**ACTIVITY:** Include the line containing "Protesters and revelers" and all lines before it, repeated exactly from the listing below, without pictures.

**SUPPLIED INFORMATION:**
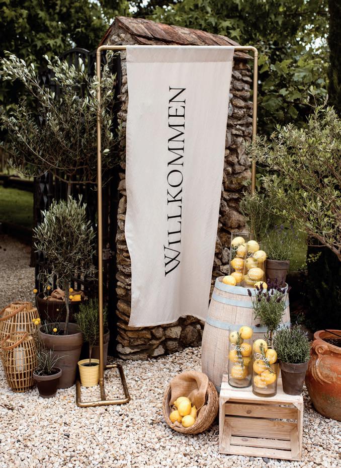Die Papeterie hebt die ländliche Atmosphäre noch einmal hervor. Mit Zitronen- und Lavendelmotiven sowie liebevollen Details wie kleinen Illustrationen fügt sie sich perfekt in das rustikale Hochzeitskonzept ein. Die fruchtigen Designs wirken frisch und lebendig und verleihen der Feier einen mediterranen Touch.
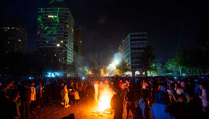 Protesters and revelers take part in a rally while enjoying the New Year´s celebration, in Santiago. Chile has been rocked by months of protests that began with strikes over metro fare hikes and quickly escalated into the most severe outbreak of social unrest since the end of the dictatorship of Augusto Pinochet nearly 30 years ago. Photo: AFP
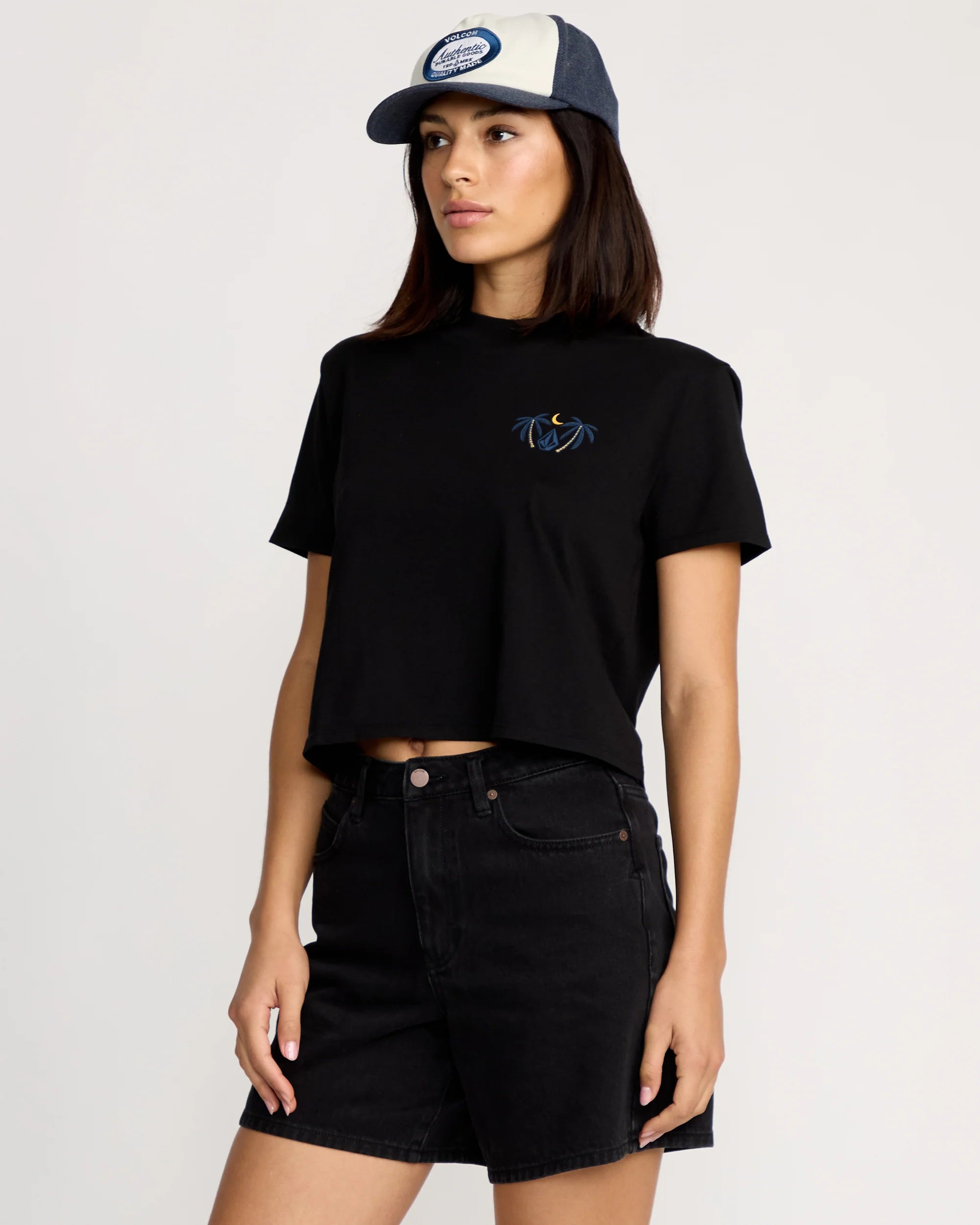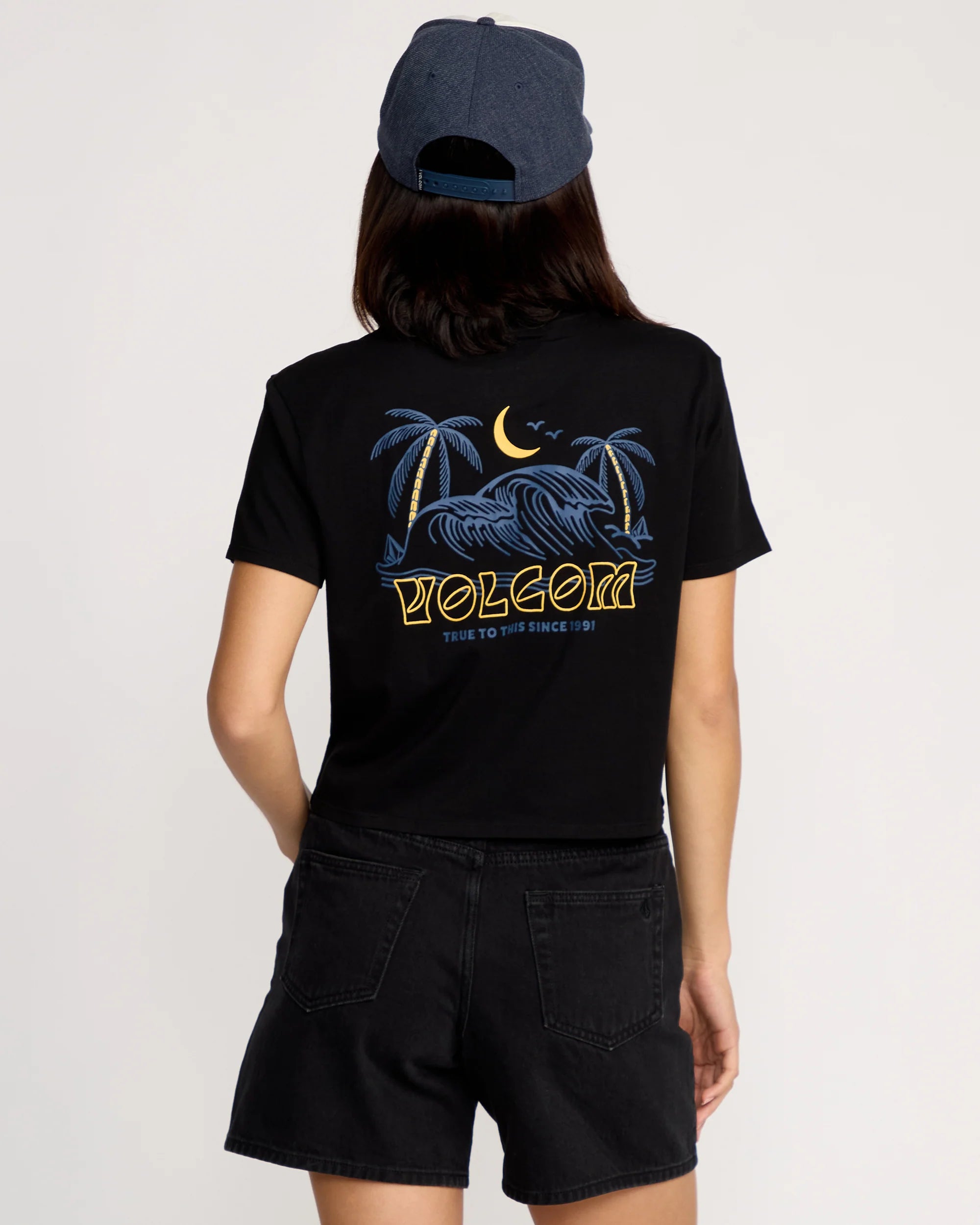 The Volcom Women's "Dial" Cropped Tee in black combines effortless style with comfort. Made from 100% organic cotton jersey (160 GSM), it feels soft and breathable for all-day wear. Its cropped cut adds a trendy edge, perfect for pairing with high-waisted jeans or skirts. This tee is a versatile staple that keeps your look fresh and relaxed with sustainable, natural fibers.

**SOLUTION:**
Die Papeterie hebt die ländliche Atmosphäre noch einmal hervor. Mit Zitronen- und Lavendelmotiven sowie liebevollen Details wie kleinen Illustrationen fügt sie sich perfekt in das rustikale Hochzeitskonzept ein. Die fruchtigen Designs wirken frisch und lebendig und verleihen der Feier einen mediterranen Touch.
 Protesters and revelers take part in a rally while enjoying the New Year´s celebration, in Santiago. Chile has been rocked by months of protests that began with strikes over metro fare hikes and quickly escalated into the most severe outbreak of social unrest since the end of the dictatorship of Augusto Pinochet nearly 30 years ago. Photo: AFP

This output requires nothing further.